Good ideas to control theft do exist, but the police here don't use them. Professional bands of thieves steal a lot of the bikes, so catching just a few of them could really reduce the problem. Why not try sting operations, with vulnerable-appearing riders on nice bikes equipped with hidden GPS devices. Trace the bike to wherever they hide or fence it, and recover a bunch of bikes and catch the band of thieves.

But police have told me they just don't or can't do sting operations.

Instead, the police have carried out what amounts to pointless harassment, by stopping cyclists on
Fighting crime or cyclists? Police take away racing bicycles
because the riders weren't carrying proof of ownership.
(Photo: Juan Carlos Zabala Humanez)
training rides and demanding they prove ownership of their bikes - and confisticating the bikes if they lack property papers. How many people carry around their bicycles' papers? And, bicycle property cards are widely faked.

"Oh, Colombia, where will end up with these injustices by those in power?" asks Juan Carlos Zabala Humanez, who posted this photo of police confisticating a bike during a training ride.

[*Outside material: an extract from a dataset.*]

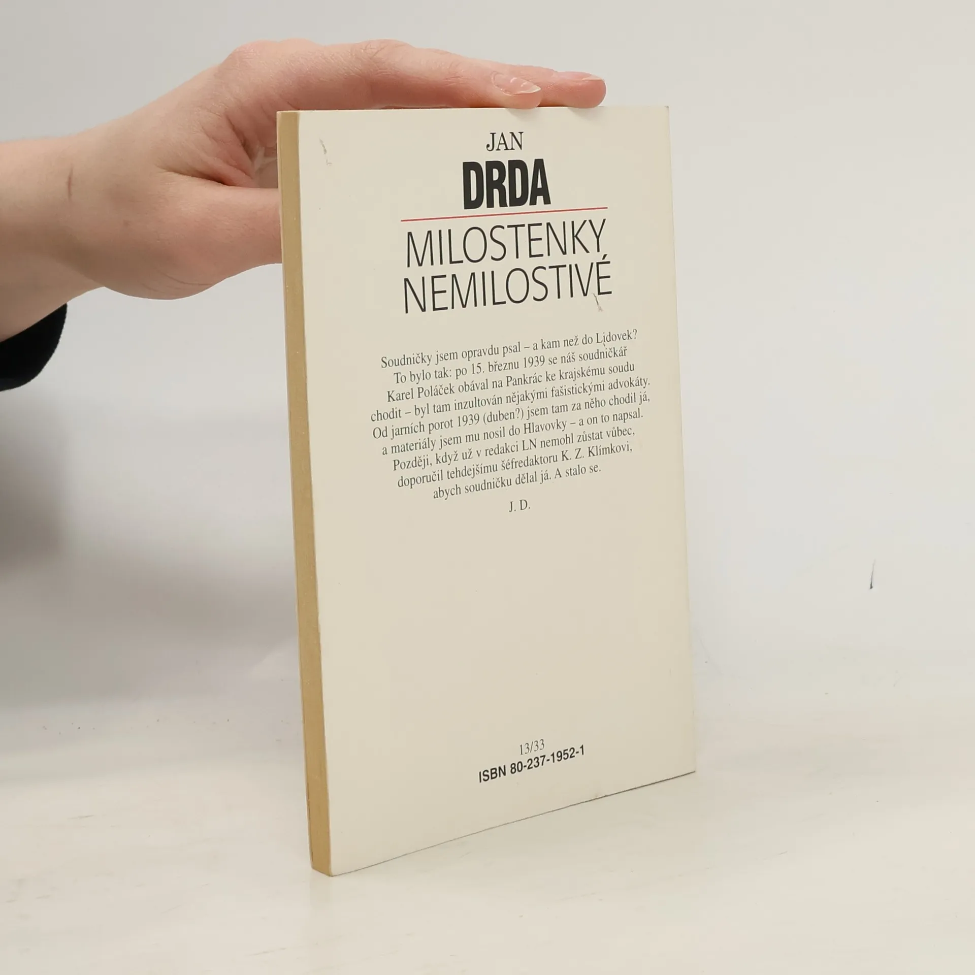 Soudničky 1939 - 1940. Slavnou rubriku soudniček v Lidových novinách převzal na čas Jan Drda po Karlu Poláčkovi- když ten se nejprve obával chodit k soudu, pak už jako žid nesměl zůstat ani v redakci. Z dnešních novin soudničky vymizely- až při přečtení Drdova souboru napadne čtenáře, jaká je to škoda. Drobné vtipné črty, připomínající Čapkovy "kapesní" povídky, jenže ze skutečného života, z jednání konkrétního pražského soudu konkrétního dne. Inu, hříšní lidé z města pražského a jejich osudy, půvabné i nostalgií jiného času, kdy jako by se žilo pomaleji a mírněji, kradlo, mordovalo a podvádělo nějak laskavěji a lidštěji.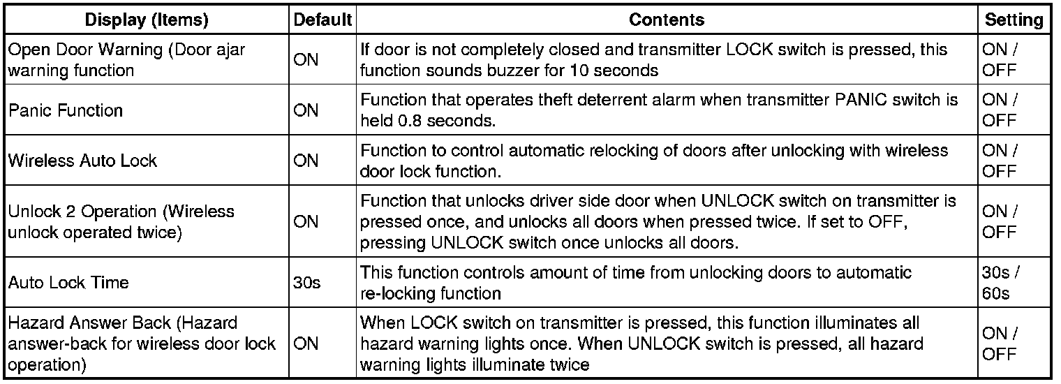 DOOR LOCK: WIRELESS DOOR LOCK CONTROL SYSTEM (w/o Smart Key System): CUSTOMIZE PARAMETERS

Finally, everybody knows where many stolen bikes end up - in the pawn shops, called compraventas, and a few other places offering nice bikes at absurdly low prices. A few years ago, one of our bikes got stolen from the doorway of Bogotá Bike Tours. I rode down Calle 13 and spotted it, still outside the shop where the thief had sold it. With lots of anger and threats of calling the cops, we obliged the shopowner to give back the bike. "I guess that's why the fellow wanted to sell it so fast," observed another man standing in the shop's door.

The best - and only - good idea I've seen recently is the Biciregistro web page, where you can list your stolen bike and used bicycle shoppers can check to see whether a bike is clean. But it will require participation.

By Mike Ceaser, of Bogotá Bike Tours

miércoles, 12 de junio de 2013

Bogotá's Bicycle Cemetery

Thousands of bicycles rust away. (Photo: ADN)
Thousands of bicycles, confisticated by police because of involvement in accidents or for some traffic offense, are piled up rusting away in the patios of Alamo. Most have been there for more than five years.

And they keep arriving - at the rate of three to five per day.

Why don't the owners retrieve them? There's lots of red tape, ADN reports. Perhaps they lack proof of ownership? Also, patios charges for the bikes's storage - almost 5,000 pesos for the first day, and then decreasing to only 100 pesos a day after a month passes. Eventually, the charges can be more than the value of a cheap bike. The bikes involved in accidents are held as potential legal evidence - altho it's difficult to see their court value, especially after suffering for months or years in the wind, rain and son.

In any case, it's a real tragedy.

Why not issue some decree to sell or give away the bikes after some waiting period, while they're still usable?

It's also worth asking why all those cars and buses which routinely break traffic and environmental laws never seem to get confisticated by the authorities.